Numerical mathematics

1

Nuclear physics

1

Materials Science and solid state physics

1

Computational chemistry and plasma physics

7

Medical and engineering science

1

Physical oceanography

2

Condensed matter physics

1

Fluid dynamics, turbulent atmospheric flows

11

Planetary atmospheres

1

Climate modelling

1

Programming models and runtimes

1

Total

28

Table 1: Q1 Responses – field of computational science

Analysis: There is a fairly wide spread of applications in the list of respondents and therefore in number of groups surveyed All of these are well known field in HPC, perhaps with the exception of medical engineering. Obviously the responses reflect the fact that the survey was circulated mainly via large HPC user communities, which is reflected in the dominance of computational chemistry and CfD.

 

Q2: In which languages are you applications written?

Multiple answers were allowed per respondent, so this captures the total space.

Figure 1: Distribution of languages used for program implementation

Analysis: The dominance of Fortran is no surprise particularly given the high proportion of computational chemists in the list of respondents. The fact that C++ have overtaken C to be the second most prevalent language is encouraging for the AllScale project.

The presence of scripting languages reflects that fact that many HPC suites are steered by scripts, particularly Linux shell scripts.
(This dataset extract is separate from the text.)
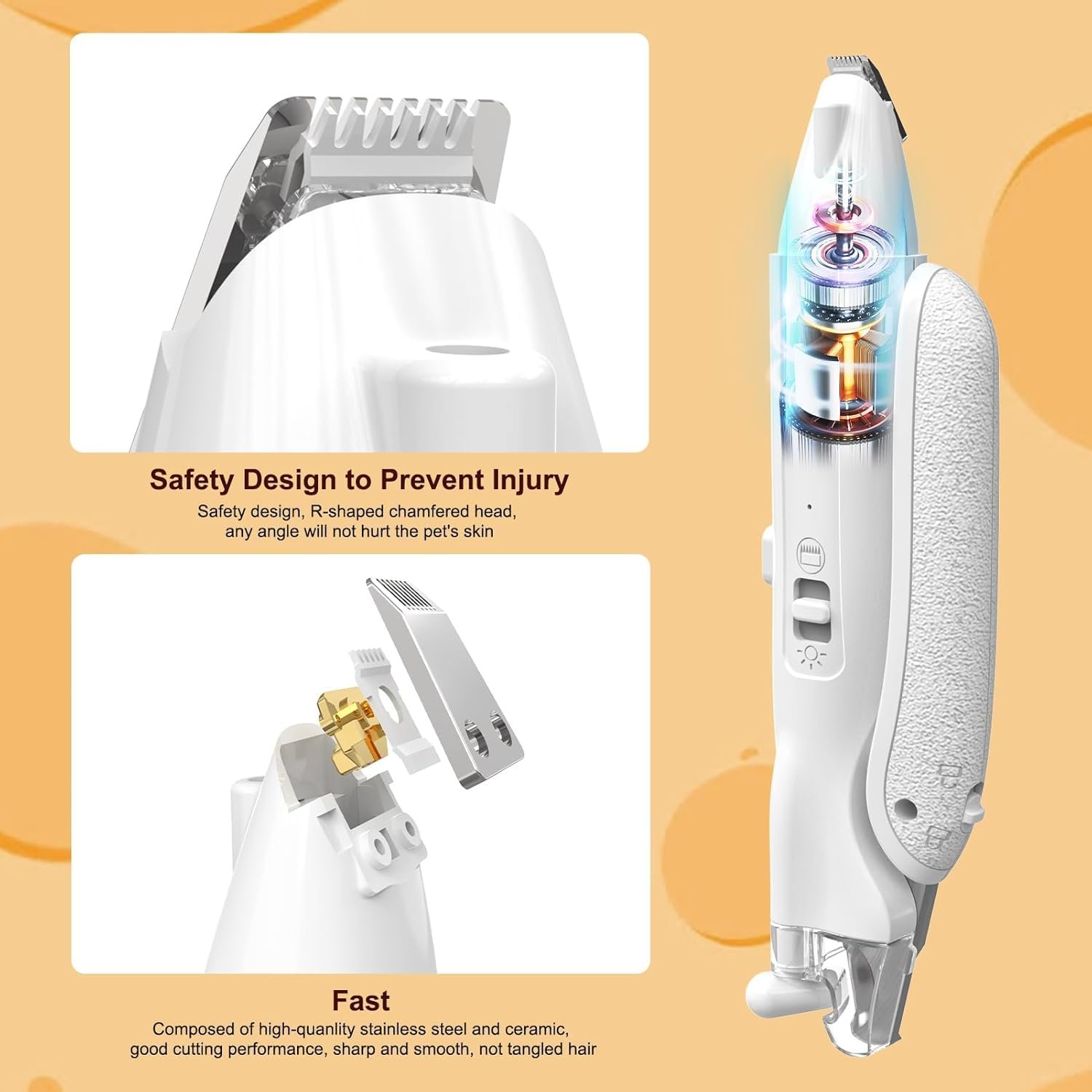 Leises und vibrationsarmes Design: Der Tierhaarschneider verfügt über einen verstellbaren, verbesserten Motor, der weniger Vibrationen erzeugt. Der Geräuschpegel des Trimmerhundes beträgt weniger als 60 dB, sodass sich Ihr Haustier während des gesamten Friseurvorgangs wohl fühlt.

Perhaps the most interesting outcome here is that Assembler is still in use and at 10% come in fourth place.

 

Q3: Which of the following software technologies do you use in your application today?

As with the previous question, multiple answers were allowed.

 

Figure 2: Analysis of the types of parallel runtime environments uses

 

Analysis: It is clear from the figure that MPI is the dominant implementation tool, closely followed by OpenMP. Together these far outweigh  the sum of all of the other technologies.  Task based runtimes are clearly in a minority.

 

Q4: Which are the principal mathematical kernels that dominate your applications

Multiple answers are allowed for this question.

Figure 3: Analysis of the types of mathematical kernels used

Analysis: Solution of differential equations, numerical integration and linear algebra are the dominant kernels, no doubt correlarting to the fact that the majority of respondents are in the fields of computational fluid dynamics or computational chemistry.

 

Q5: Which numerical representation is most common in your applications today

Figure 4: Analysis of the different numerical representations

Analysis: The dominance of double precision over all other representations is clear. It is noteworthy that a significant number of applications use a mixture of double and single precision.

 

Q6: How many CPUs do you use in typical jobs today (more than one answer allowed)

Respondents were asked to consider all of the types of jobs that they regularly run. The information is presented as a Pie chart.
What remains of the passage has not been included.